From the entries below, copy exactly the lines from the one that contains "Ventilador de Mano" through the one that contains "Among these pathways", both included, and only those.

----- Provided entries

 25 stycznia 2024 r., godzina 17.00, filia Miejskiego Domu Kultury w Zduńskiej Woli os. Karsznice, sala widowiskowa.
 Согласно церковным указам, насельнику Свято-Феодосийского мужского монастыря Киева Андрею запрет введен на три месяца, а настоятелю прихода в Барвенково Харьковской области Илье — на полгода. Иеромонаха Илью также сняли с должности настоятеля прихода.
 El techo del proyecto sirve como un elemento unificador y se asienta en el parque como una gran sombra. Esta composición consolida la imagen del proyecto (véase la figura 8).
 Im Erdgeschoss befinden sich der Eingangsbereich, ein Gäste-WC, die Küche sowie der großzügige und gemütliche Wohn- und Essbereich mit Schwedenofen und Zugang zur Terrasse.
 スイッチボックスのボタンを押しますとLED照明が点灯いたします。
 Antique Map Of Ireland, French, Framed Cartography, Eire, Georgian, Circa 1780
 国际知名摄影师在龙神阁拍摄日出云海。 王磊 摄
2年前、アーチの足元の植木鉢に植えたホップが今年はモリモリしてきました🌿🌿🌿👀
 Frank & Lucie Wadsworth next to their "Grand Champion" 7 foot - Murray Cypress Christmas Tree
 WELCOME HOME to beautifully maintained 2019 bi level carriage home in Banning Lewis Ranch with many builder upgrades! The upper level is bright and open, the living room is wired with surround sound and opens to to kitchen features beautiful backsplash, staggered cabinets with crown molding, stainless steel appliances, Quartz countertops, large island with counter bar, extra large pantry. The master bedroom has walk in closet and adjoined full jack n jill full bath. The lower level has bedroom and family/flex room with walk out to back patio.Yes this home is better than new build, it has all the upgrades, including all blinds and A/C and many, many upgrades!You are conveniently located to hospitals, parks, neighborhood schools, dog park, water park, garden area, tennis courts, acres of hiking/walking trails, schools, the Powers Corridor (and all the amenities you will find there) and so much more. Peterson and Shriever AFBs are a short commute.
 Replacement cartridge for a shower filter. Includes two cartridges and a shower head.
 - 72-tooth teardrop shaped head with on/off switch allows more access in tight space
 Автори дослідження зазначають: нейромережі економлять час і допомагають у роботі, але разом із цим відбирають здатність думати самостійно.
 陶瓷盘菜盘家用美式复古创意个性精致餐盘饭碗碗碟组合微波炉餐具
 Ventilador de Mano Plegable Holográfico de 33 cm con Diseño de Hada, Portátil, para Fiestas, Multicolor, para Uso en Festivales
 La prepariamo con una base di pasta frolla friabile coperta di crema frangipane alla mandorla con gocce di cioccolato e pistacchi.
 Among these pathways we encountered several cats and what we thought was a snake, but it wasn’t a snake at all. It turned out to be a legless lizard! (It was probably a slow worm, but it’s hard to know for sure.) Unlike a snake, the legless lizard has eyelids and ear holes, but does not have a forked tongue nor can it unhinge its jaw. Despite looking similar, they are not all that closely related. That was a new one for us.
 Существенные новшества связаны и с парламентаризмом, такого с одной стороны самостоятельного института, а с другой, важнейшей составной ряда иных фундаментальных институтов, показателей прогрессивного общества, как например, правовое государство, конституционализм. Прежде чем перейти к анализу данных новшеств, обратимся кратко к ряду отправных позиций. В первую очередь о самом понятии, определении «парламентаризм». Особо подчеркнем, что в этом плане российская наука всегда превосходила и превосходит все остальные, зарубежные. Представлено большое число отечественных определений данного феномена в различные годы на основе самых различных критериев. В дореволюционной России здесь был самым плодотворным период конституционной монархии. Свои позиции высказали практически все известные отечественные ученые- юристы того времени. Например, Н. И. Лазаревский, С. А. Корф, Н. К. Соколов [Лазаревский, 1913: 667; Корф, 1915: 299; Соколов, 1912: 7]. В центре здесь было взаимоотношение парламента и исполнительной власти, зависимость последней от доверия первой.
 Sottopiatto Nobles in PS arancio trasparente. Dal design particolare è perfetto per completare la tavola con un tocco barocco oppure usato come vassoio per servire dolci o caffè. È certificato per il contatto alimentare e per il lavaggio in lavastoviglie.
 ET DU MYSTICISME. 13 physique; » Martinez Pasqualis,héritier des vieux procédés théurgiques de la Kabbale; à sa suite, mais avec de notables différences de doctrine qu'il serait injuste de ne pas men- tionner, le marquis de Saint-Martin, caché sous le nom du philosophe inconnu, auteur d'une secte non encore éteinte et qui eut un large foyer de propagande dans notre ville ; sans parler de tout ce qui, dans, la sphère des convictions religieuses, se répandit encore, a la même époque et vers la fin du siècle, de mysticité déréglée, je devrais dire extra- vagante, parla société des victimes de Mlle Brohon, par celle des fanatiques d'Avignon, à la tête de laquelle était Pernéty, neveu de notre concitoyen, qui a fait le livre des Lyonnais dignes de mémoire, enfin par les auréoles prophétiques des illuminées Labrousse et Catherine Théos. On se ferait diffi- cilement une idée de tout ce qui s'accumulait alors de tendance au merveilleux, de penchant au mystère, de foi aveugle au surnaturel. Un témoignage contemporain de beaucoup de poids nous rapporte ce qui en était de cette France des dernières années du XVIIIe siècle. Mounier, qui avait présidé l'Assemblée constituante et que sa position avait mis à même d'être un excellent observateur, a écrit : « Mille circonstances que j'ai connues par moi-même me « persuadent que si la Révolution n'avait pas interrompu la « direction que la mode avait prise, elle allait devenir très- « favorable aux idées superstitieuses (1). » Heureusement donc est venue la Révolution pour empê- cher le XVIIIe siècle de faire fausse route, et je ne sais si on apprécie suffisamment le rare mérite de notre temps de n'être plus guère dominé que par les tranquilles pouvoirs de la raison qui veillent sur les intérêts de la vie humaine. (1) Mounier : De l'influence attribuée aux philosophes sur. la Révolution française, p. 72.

----------

_Completed task:_
 Ventilador de Mano Plegable Holográfico de 33 cm con Diseño de Hada, Portátil, para Fiestas, Multicolor, para Uso en Festivales
 La prepariamo con una base di pasta frolla friabile coperta di crema frangipane alla mandorla con gocce di cioccolato e pistacchi.
 Among these pathways we encountered several cats and what we thought was a snake, but it wasn’t a snake at all. It turned out to be a legless lizard! (It was probably a slow worm, but it’s hard to know for sure.) Unlike a snake, the legless lizard has eyelids and ear holes, but does not have a forked tongue nor can it unhinge its jaw. Despite looking similar, they are not all that closely related. That was a new one for us.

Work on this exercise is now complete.